**The data**
● ● ●

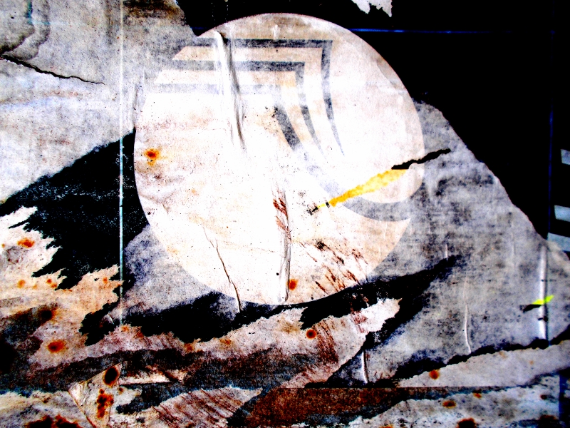 Un cono di luce? Una luna a mezzanotte? Una palla luminosa? Un oggetto volante non identificato? O qualcosa d’altro? La realtà non è mai come sembra. E’ la macrofotografia della carta lacerata e deturpata di un manifesto pubblicitario su di un cartellone all’esterno. Per il progetto “Lacer/azioni”.
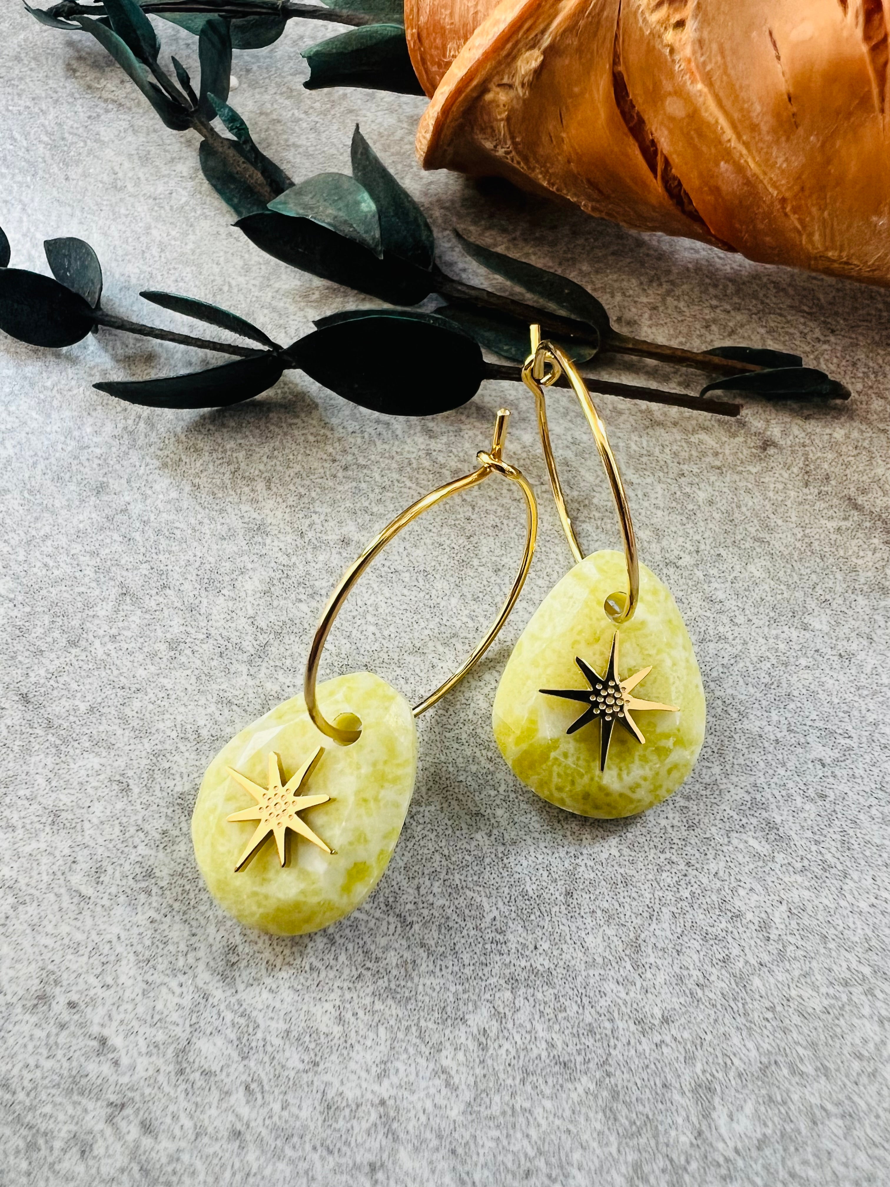 Boucles d’oreilles JADE créoles et Pierre vert anis
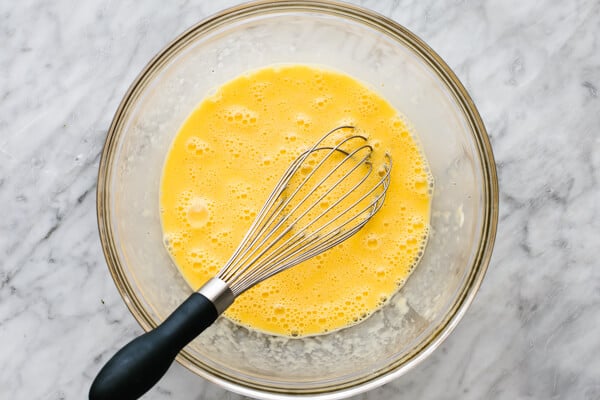In a large bowl, whisk the eggs, yogurt, salt and pepper. Pour the eggs over the half of the vegetables in the pan. Cook on the stove for 2-3 minutes.

● ● ●

Restate word for word the lines beginning with the one that contains "Boucles d’oreilles JADE" and ending with the last line of the listing; pictures stay out.

**Answer section**
 Boucles d’oreilles JADE créoles et Pierre vert anis
In a large bowl, whisk the eggs, yogurt, salt and pepper. Pour the eggs over the half of the vegetables in the pan. Cook on the stove for 2-3 minutes.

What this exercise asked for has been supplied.